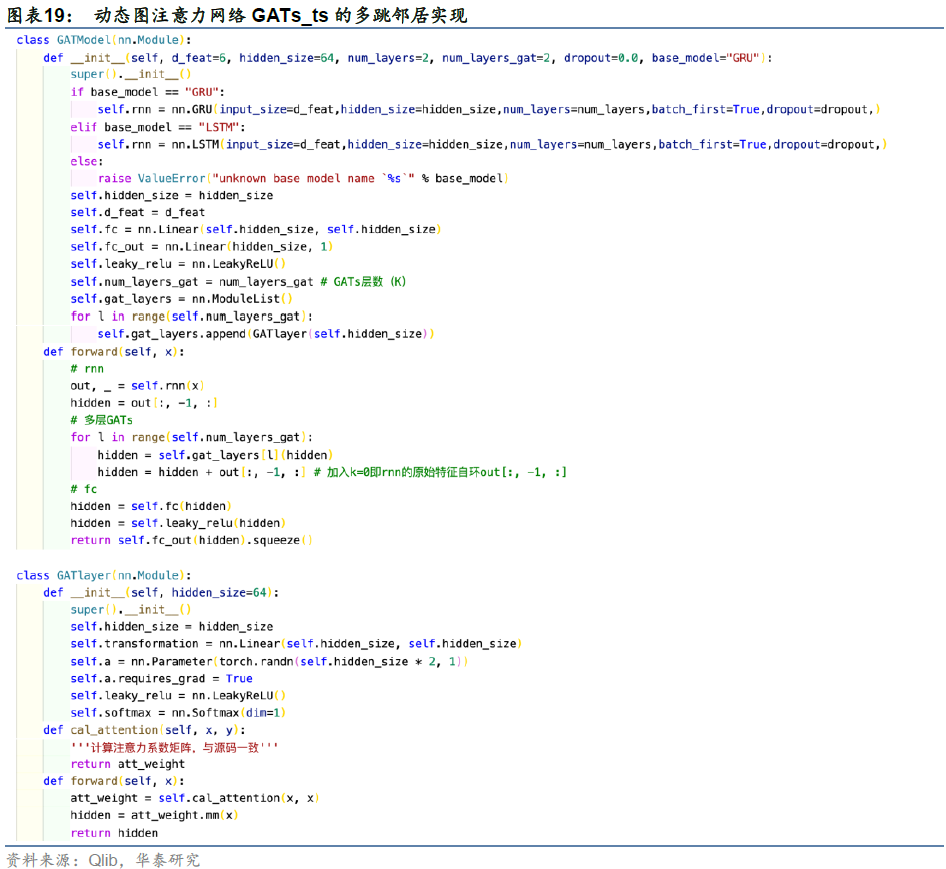 3. 第三部分关注GATs_ts在微软Qlib平台的具体实现方式。我们将详细介绍GATs_ts的选股思路和Qlib代码,随后在GATs_ts基础上,实现多跳邻居聚合即多层GATs_ts。
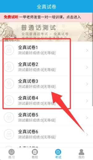 3、专业发音评分系统:运用和普通话水平测试相同的发音评分技术,搭配全真考试试卷,每个发音都能实时测评,做到边练边测、即时纠正,不断提高发音水平。
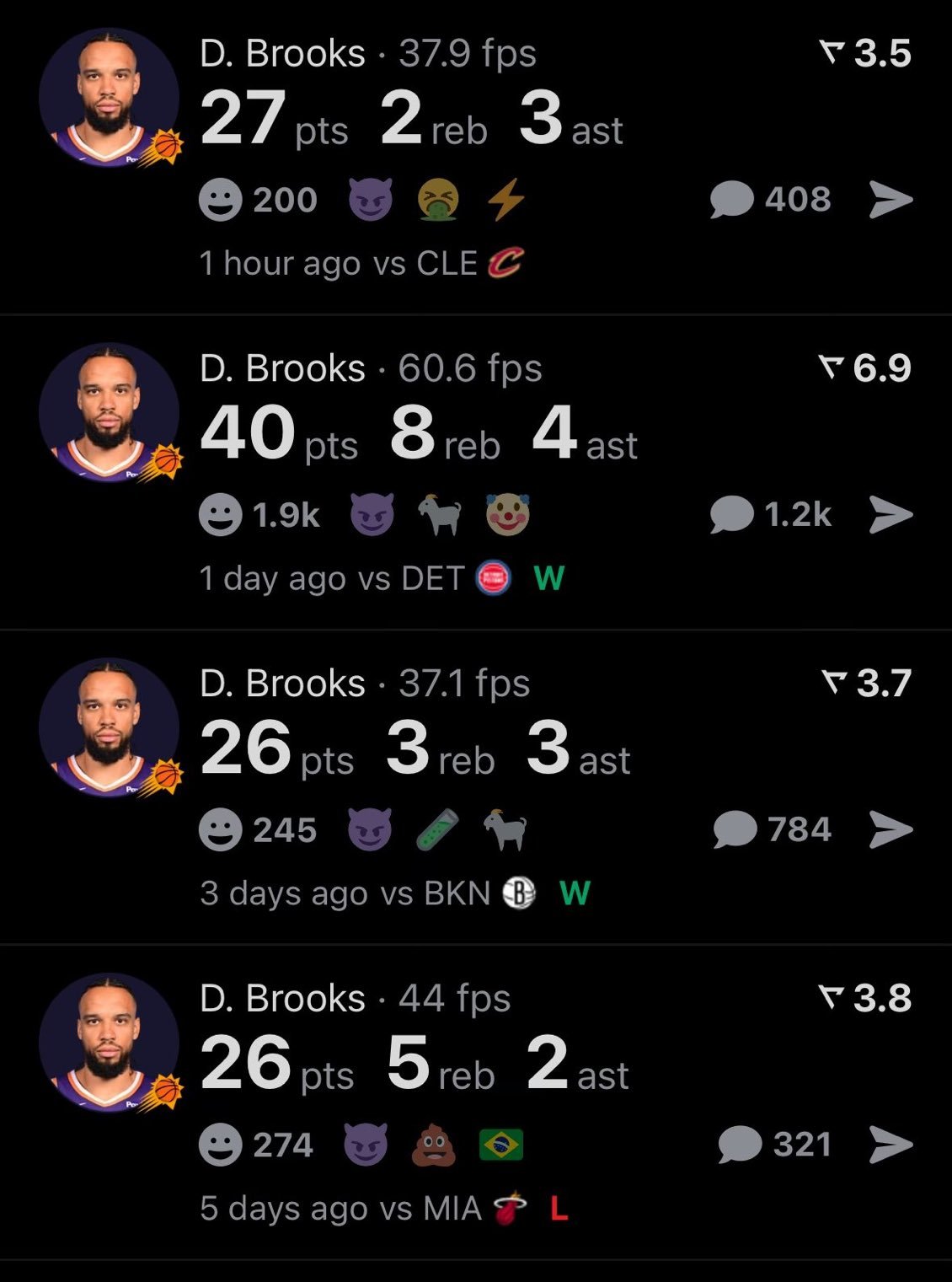 继上一场40分带队赢活塞之后,狄龙再拿27分,太阳大胜骑士了。布克缺席的四场,龙
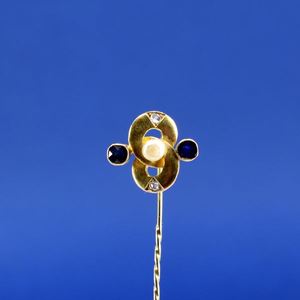 585/1000, v. 2,45 g, perlička, přírodní safíry, kolem 1900 čs. punc
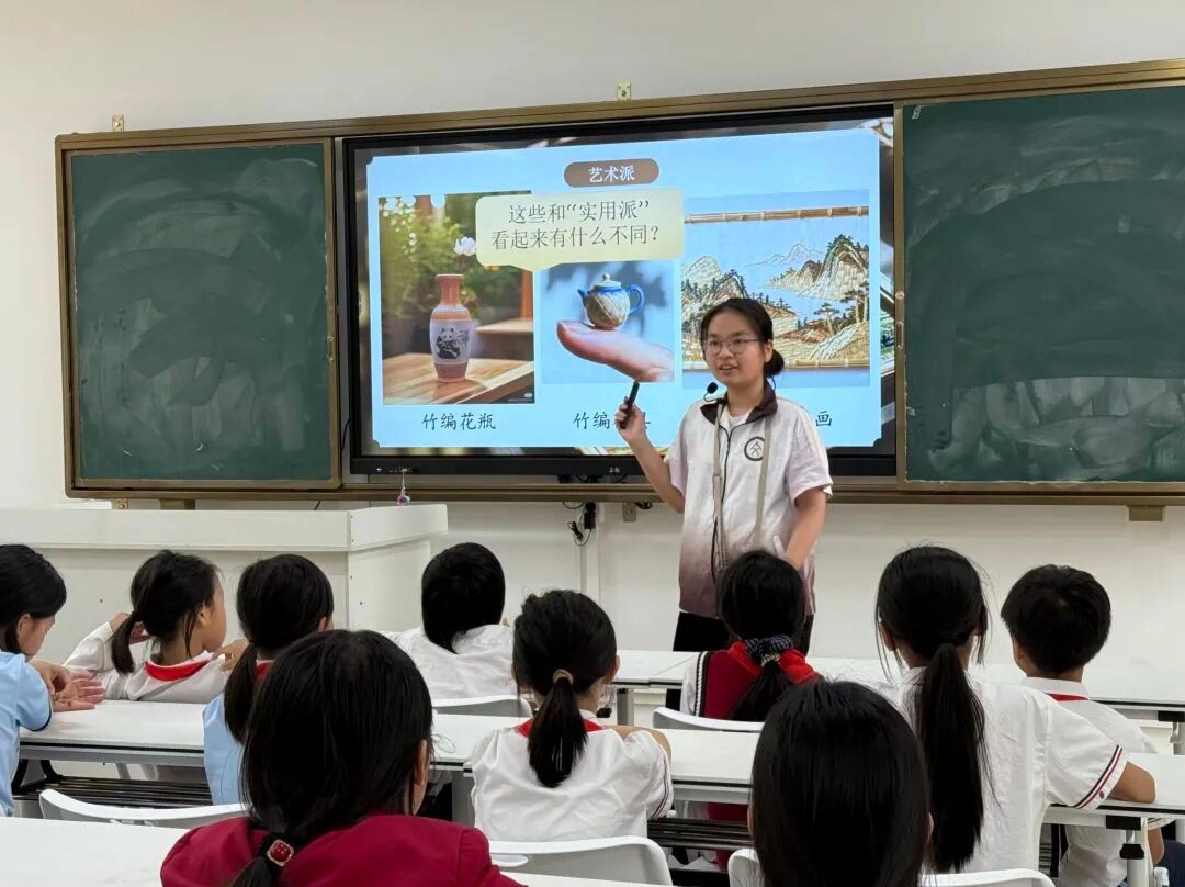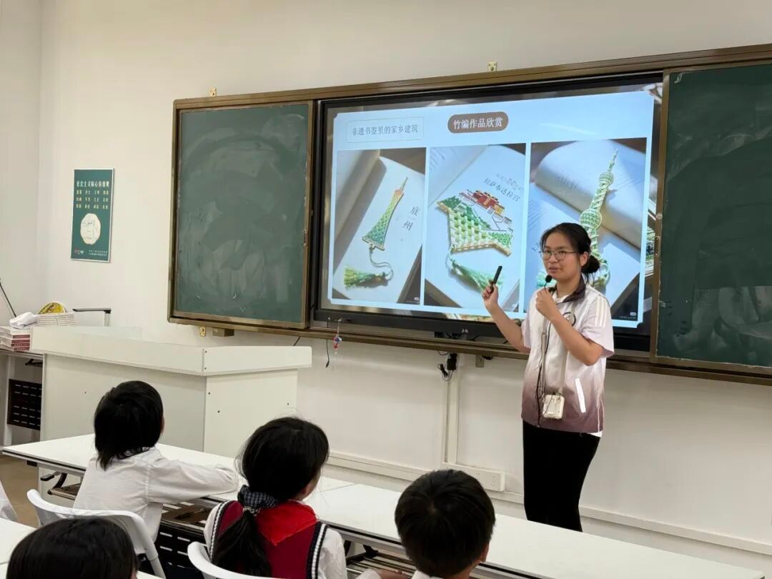 接下来,小卢老师从实用、艺术、情感三个方面分别讲解竹编的价值。从实用方面来看,竹编所编就的篮子能盛放许多东西;从艺术方面来看,竹编作品精致美观,给人独特的视觉体验;从情感方面来看,竹编承载了历史悠久的中华优秀传统文……竹编的多重价值,赋予了竹编旺盛而蓬勃的生命力。让小朋友们能更好理解竹编这项非遗技艺从古到今的无限魅力。
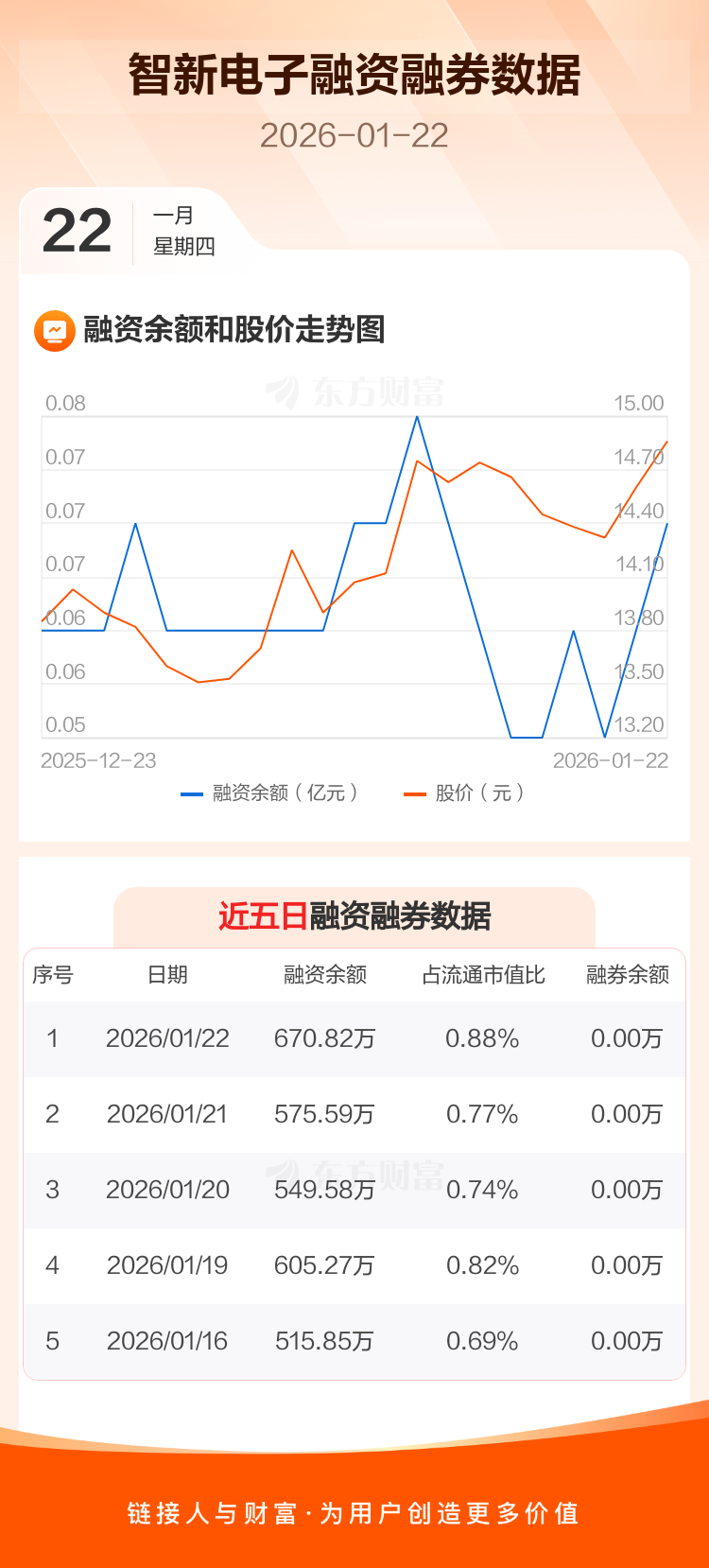 交易所最新数据显示,智新电子于2026年1月22日获融资买入266.77万元,融资偿还171.54万元,当日融资净买入95.23万元。目前,该股融资余额670.82万,占流通市值比例为0.88%。
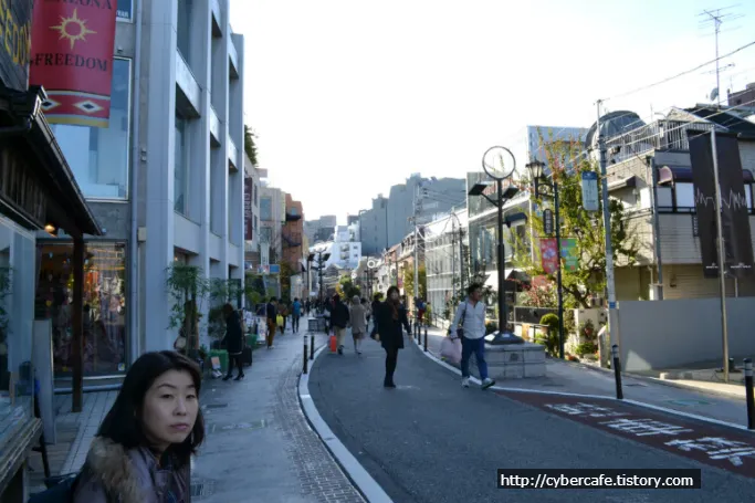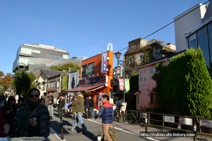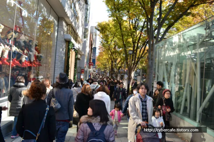 정면이 하라주쿠 역이고 사진을 찍는 뒷쪽이 오모테산도역 쪽이다. 도로의 좌우에는 명품(?) 샵이 즐비하다. 이 거리는 사실 자연을 좋아하는 나로서는 별로 땡기는 매력은 없었다. 하지만 많은 여성들이 좋아하는 거리다. 이 도로의 이면도로에는 작은 카페, 공방 등 아기자기한 볼거리들이 꽤(?) 있다고 한다.

- [TASK DIRECTIONS] Any images must be left out; transcribe the rest of the material exactly.

- [OUTPUT OF THE TASK]
 3. 第三部分关注GATs_ts在微软Qlib平台的具体实现方式。我们将详细介绍GATs_ts的选股思路和Qlib代码,随后在GATs_ts基础上,实现多跳邻居聚合即多层GATs_ts。
 3、专业发音评分系统:运用和普通话水平测试相同的发音评分技术,搭配全真考试试卷,每个发音都能实时测评,做到边练边测、即时纠正,不断提高发音水平。
 继上一场40分带队赢活塞之后,狄龙再拿27分,太阳大胜骑士了。布克缺席的四场,龙
 585/1000, v. 2,45 g, perlička, přírodní safíry, kolem 1900 čs. punc
 接下来,小卢老师从实用、艺术、情感三个方面分别讲解竹编的价值。从实用方面来看,竹编所编就的篮子能盛放许多东西;从艺术方面来看,竹编作品精致美观,给人独特的视觉体验;从情感方面来看,竹编承载了历史悠久的中华优秀传统文……竹编的多重价值,赋予了竹编旺盛而蓬勃的生命力。让小朋友们能更好理解竹编这项非遗技艺从古到今的无限魅力。
 交易所最新数据显示,智新电子于2026年1月22日获融资买入266.77万元,融资偿还171.54万元,当日融资净买入95.23万元。目前,该股融资余额670.82万,占流通市值比例为0.88%。
 정면이 하라주쿠 역이고 사진을 찍는 뒷쪽이 오모테산도역 쪽이다. 도로의 좌우에는 명품(?) 샵이 즐비하다. 이 거리는 사실 자연을 좋아하는 나로서는 별로 땡기는 매력은 없었다. 하지만 많은 여성들이 좋아하는 거리다. 이 도로의 이면도로에는 작은 카페, 공방 등 아기자기한 볼거리들이 꽤(?) 있다고 한다.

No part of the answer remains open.